### Exercise requirements
Repeat, please, exactly the lines from the one that has "Our signature oval" through the end of the records below, with pictures dropped.

(Records from a collection)
########

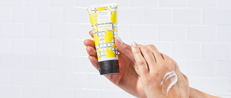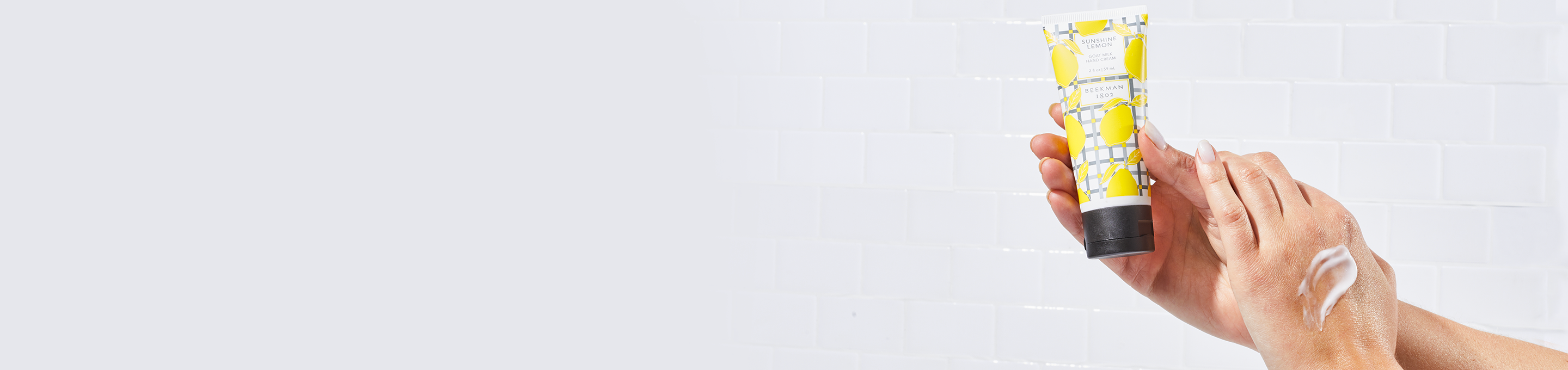 Up close shot of hand holding a tube of Beekman 1802's Sunshine Lemon Hand Cream, with other hand propped up showing the cream applied on the back of the hand, on a white tile background on the far right of the screen.
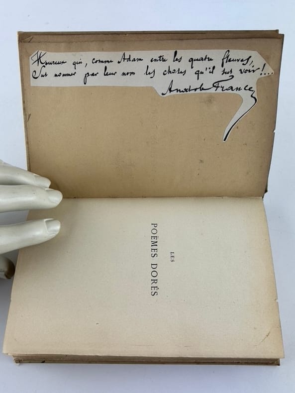 L'un des deux seuls recueils poétiques de l'auteur, adressé à son ami, Henry Roujon. Paris, Alphonse Lemerre, (15 janvier) 1873. 1 vol. (110 x 185 mm) de 1, [2] f., 146 p. et [1] f. Bradel demi-percaline beige, pièce de titre, fleuron, chiffre en pied (reliure signée de Paul Vié). Édition originale. Envoi signé : « à Henry Roujon, Anatole France ». Tirage à 580 exemplaires sur vélin. On joint : Jacques Roujon, La Vie et les Opinions d'Anatole France. Paris, Plon, 1925.
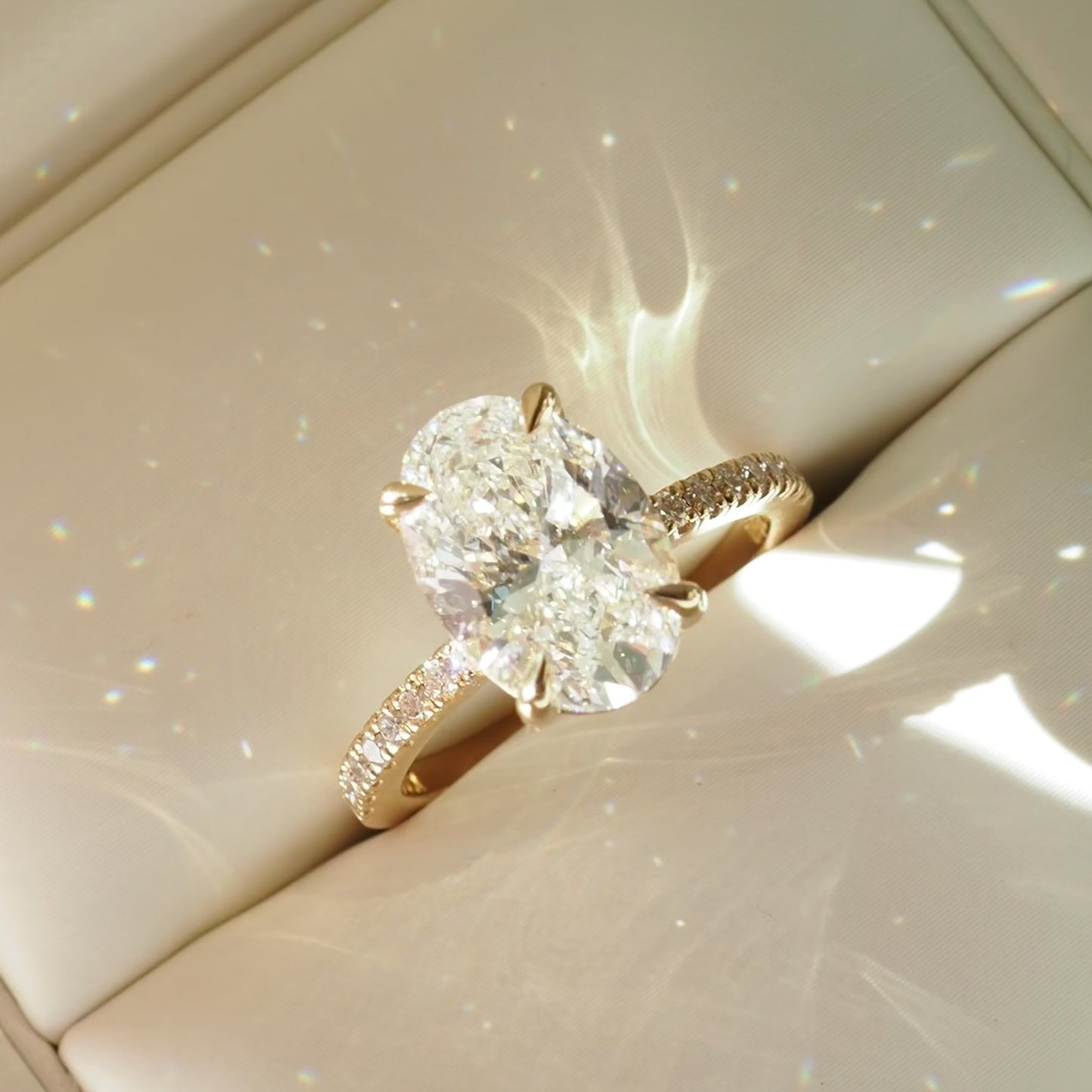 Our signature oval lab-grown diamond engagement ring—ready to wear
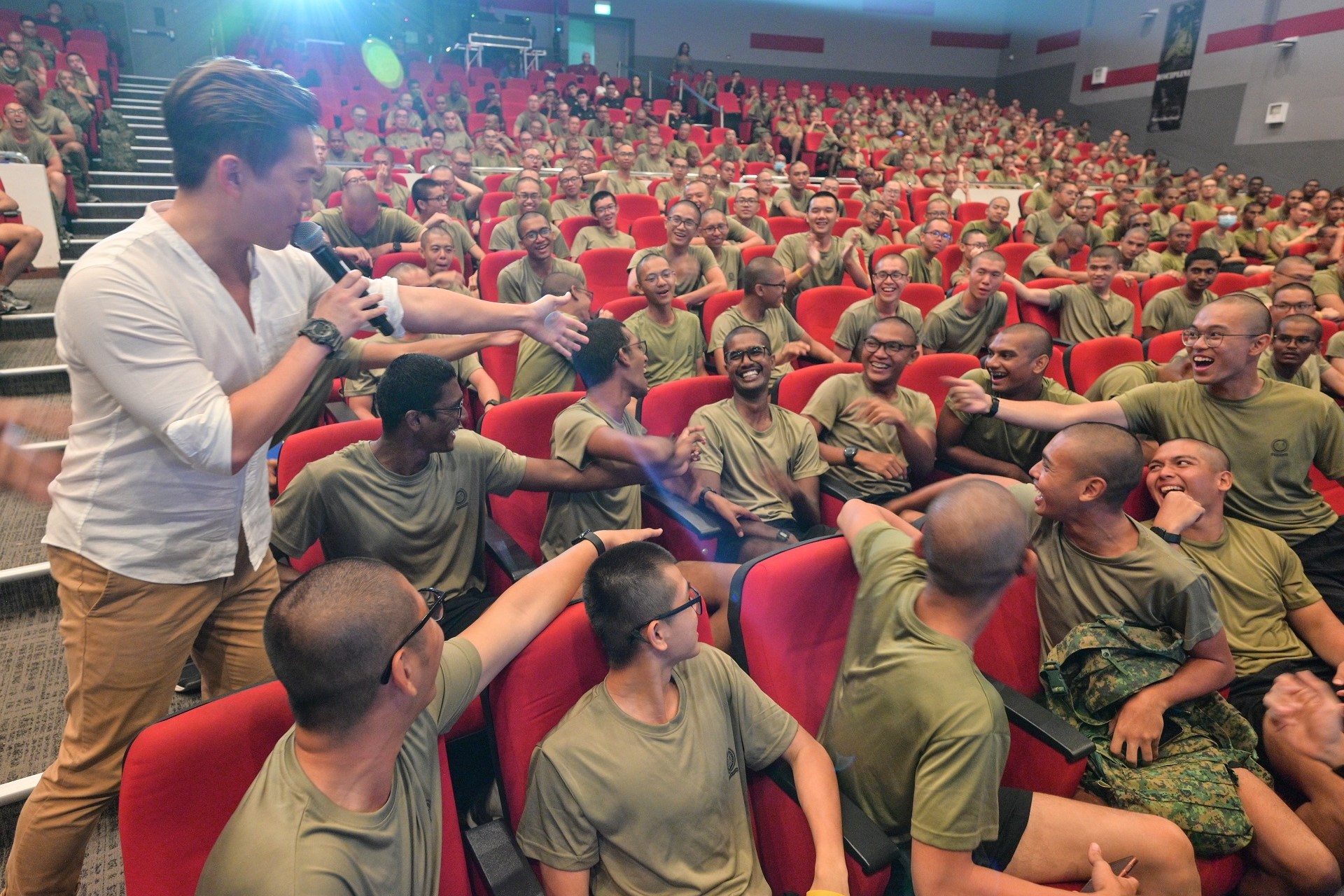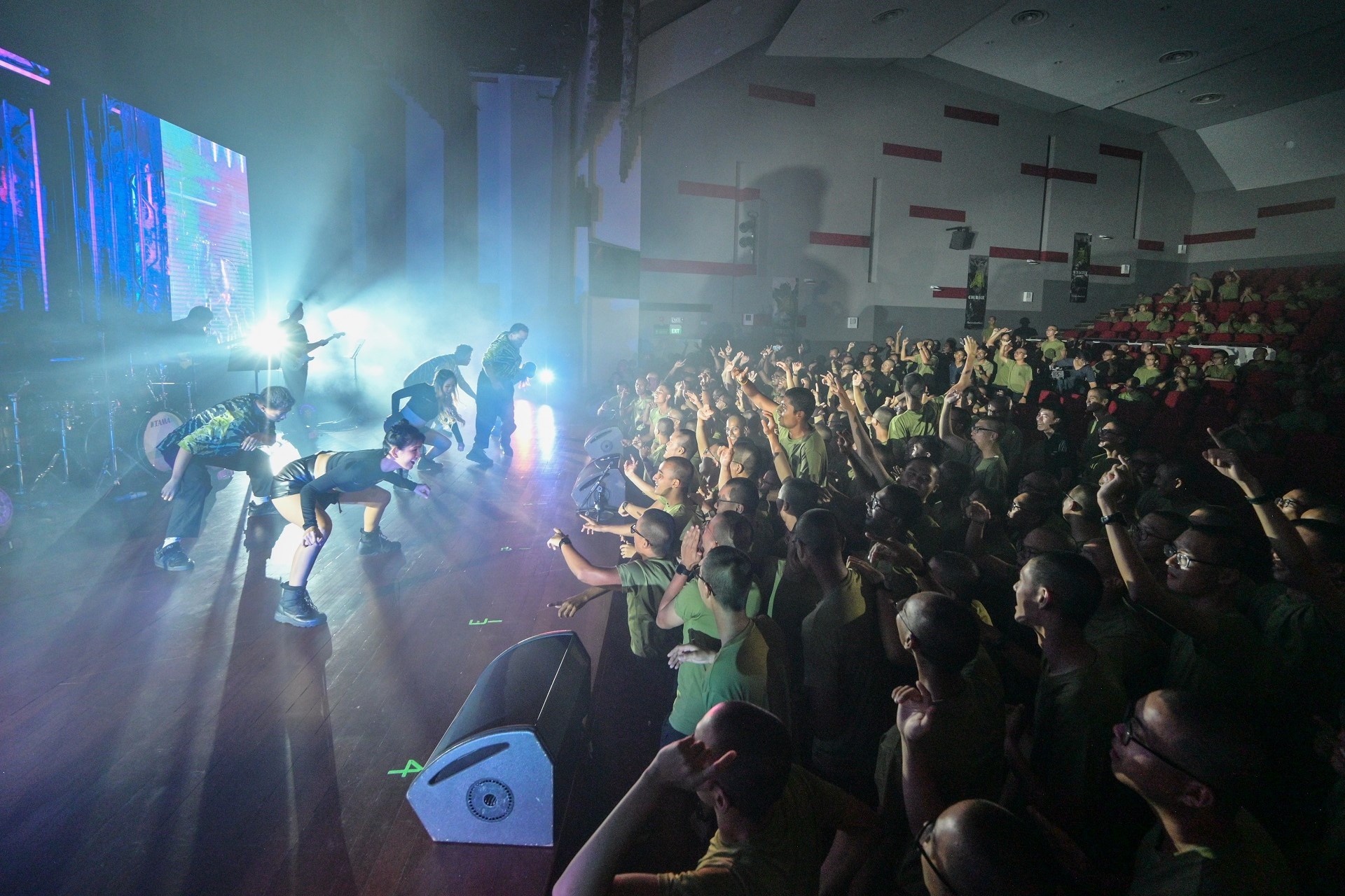 这是在德光岛训练的漫长一天。晚餐后,你进入一个装有空调的礼堂……尽情享受一���时的现场音乐和表演 – 欢迎来到新兵之夜!
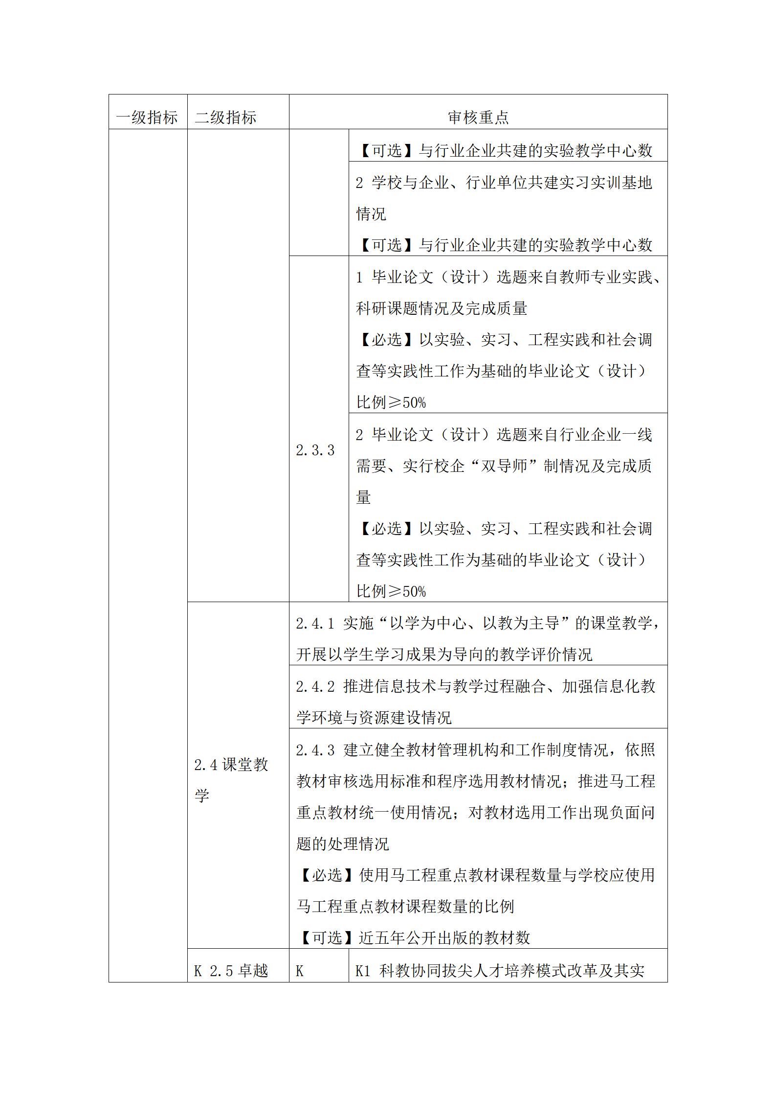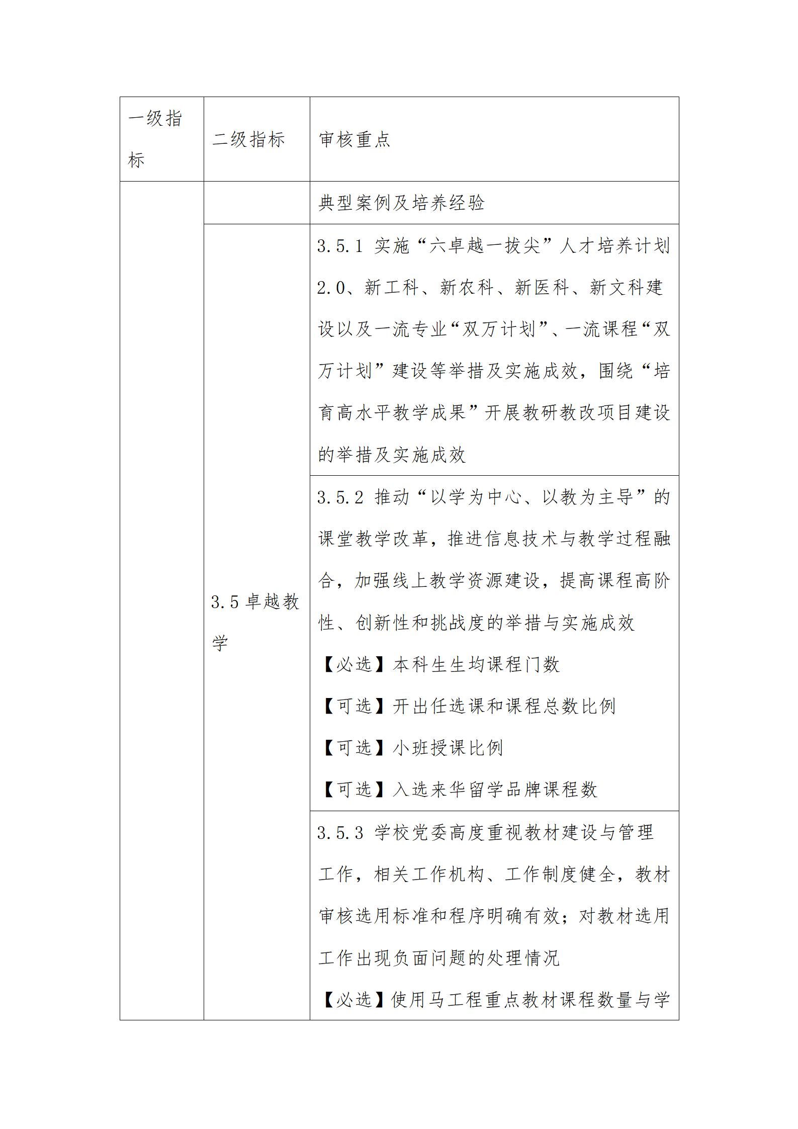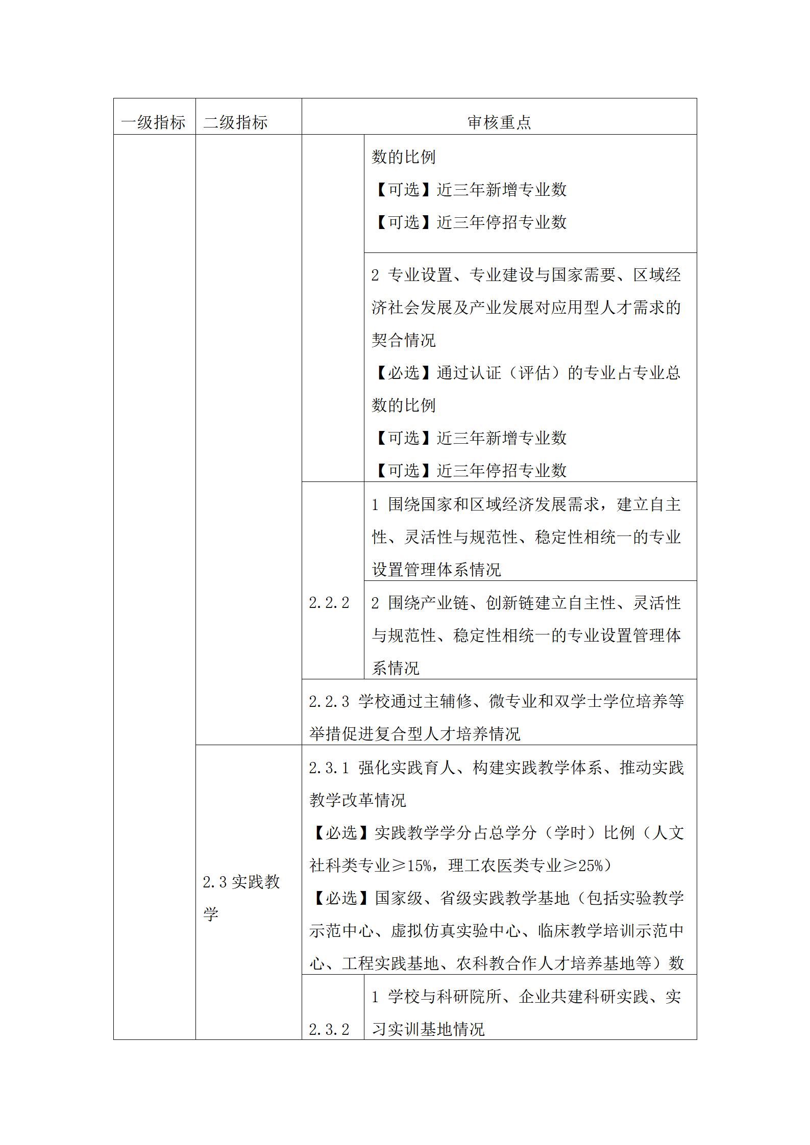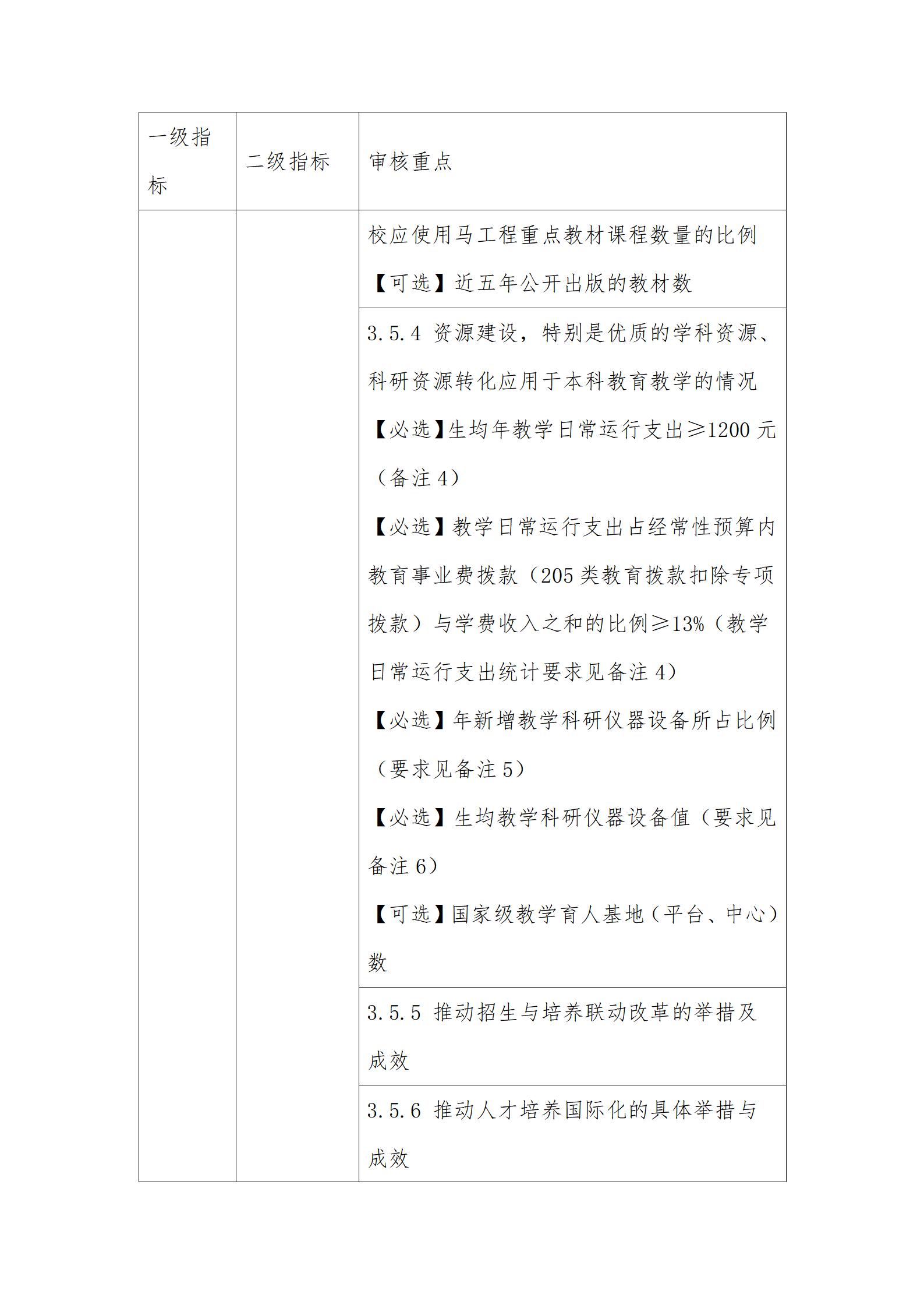1. 審核重點中定量指標的具體要求可參考國家相關標準。其中,【必選】是指該定量指標學校必須選擇;【可選】是指該定量指標學?山岷習煅導屎陀攀鋪厴,從高等教育質量監測國家數據平臺提供的教學基本狀態常態監測數據中自主選擇,進行等量或超量替換。

########

### Solution for this problem
 Our signature oval lab-grown diamond engagement ring—ready to wear
 这是在德光岛训练的漫长一天。晚餐后,你进入一个装有空调的礼堂……尽情享受一���时的现场音乐和表演 – 欢迎来到新兵之夜!
1. 審核重點中定量指標的具體要求可參考國家相關標準。其中,【必選】是指該定量指標學校必須選擇;【可選】是指該定量指標學?山岷習煅導屎陀攀鋪厴,從高等教育質量監測國家數據平臺提供的教學基本狀態常態監測數據中自主選擇,進行等量或超量替換。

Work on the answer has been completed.